In a recent piece for Newsweek, JD Vance, author of Hillbilly Elegy and current Senate candidate, discussed why the government must stop treating leftist advocacy organizations operating under the guise of being non-profits as true charities. In his view, those leftist organizations should be taxed and treated much the same as any other company.
Mr. Vance begins by describing how the tax code, as it currently stands, tends to benefit “non-profits” that are really advocacy organizations:
“Mr. Biden’s proposals would encourage the wealthy to find new workarounds to reduce the amount of tax they or their heirs pay,” reported the New York Times. “Mr. Biden could have limited that workaround by proposing a cap on itemized deductions for high earners, as he did in the campaign, but such a plan was not included in his $4 trillion economic agenda introduced this spring.”
This makes little sense if you assume Biden’s tax policy is simply a way to raise revenue. But ask yourself who stands to benefit from this massive cash infusion, and it all becomes a little clearer. Among the biggest beneficiaries of left-wing donor money will be progressive advocacy organizations.
Mr. Vance then goes on to show what type of people the organizations are employing with that money, and in doing so shows that they’re not “charities,” as we usually think of them, but rather radical advocacy and harassment groups:
Last month, Arizona graduate student Sarra Tekola recorded a viral video of herself harassing two younger students. Their sin? Sitting while white…Tekola, it turned out, was not merely an impassioned student, but a fellow of the Ford Foundation, a longtime backer of progressive causes. This was not a casual disagreement among students, but a political attack made possible by one the most powerful institutions in America.

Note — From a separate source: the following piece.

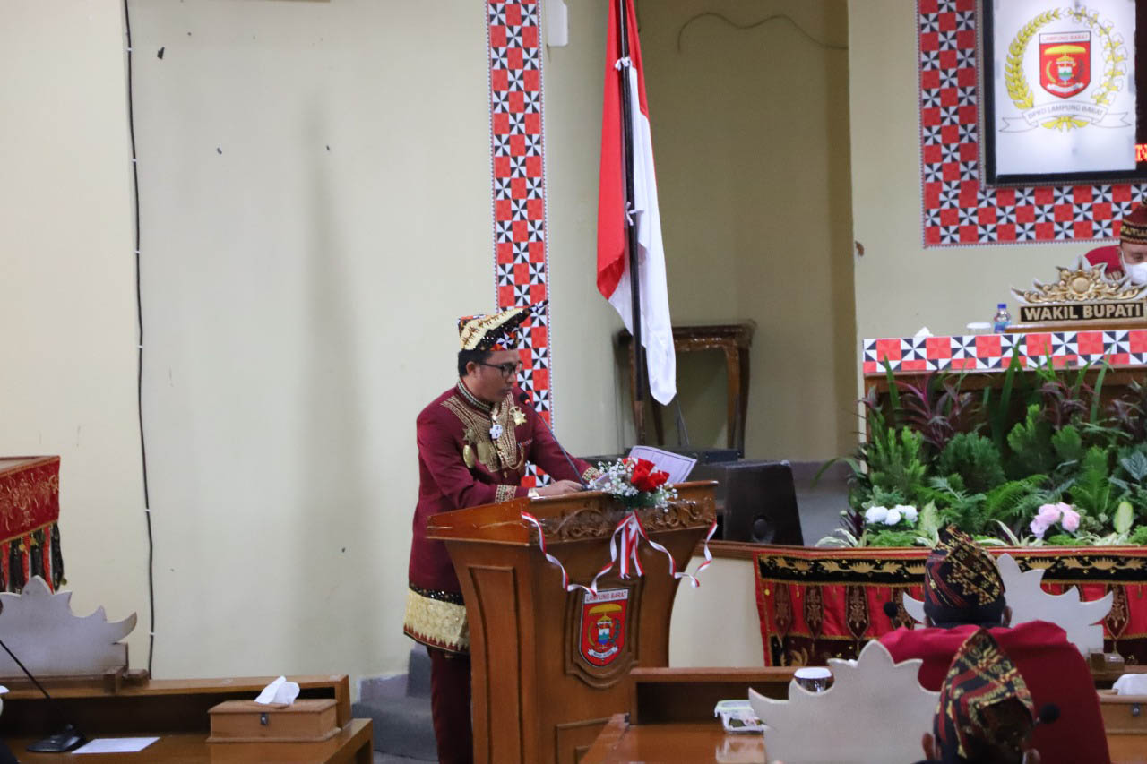 Capaian pitu program itu ia sampaikan melalui pidatonya saat melakukan rapat paripurna bersama Dewan Perwakilan Rakyat Daerah (DPRD) Lampung Barat (Lambar) dalam rangka menyambut HUT Kabupaten Lambar Ke-30 bertempat di ruang sidang Maghgasana DPRD setempat, Kamis (23/9/2021).

This is hardly uncommon for the Ford Foundation. The group’s fellowship email directory is used to harass anyone—inside or outside of the organization—who dares question leftist orthodoxy.
Next, Mr. Vance goes on to show that these so-called charities are, in reality, massive funds that might hold up to a trillion dollars in wealth, wealth that is used for the left:
While theoretically dedicated to charity, the president of the Ford Foundation, Darren Walker, has been on the board of some of America’s largest and wealthiest corporations, and collects well over $1 million a year in various forms of compensation. Meanwhile, the foundation he runs possesses $16 billion of assets. Left-wing activism pays very well, it turns out, so long as it’s packaged as charity.
The Ford Foundation is hardly alone…Others include the Gates Foundation, the Macarthur Foundation and the Harvard university endowment. Taken together, they represent well over $1 trillion in wealth, and that wealth is deployed in almost exclusively partisan ways.
And in what “partisan ways” do they spend the money, in Vance’s opinion? They use their investment dollars to force the private equity funds that receive their dollars to bow to leftist orthodoxy. They use the flow of their investment dollars to force even public companies to adopt ESG benchmarks. And, of course, they fund other leftist causes.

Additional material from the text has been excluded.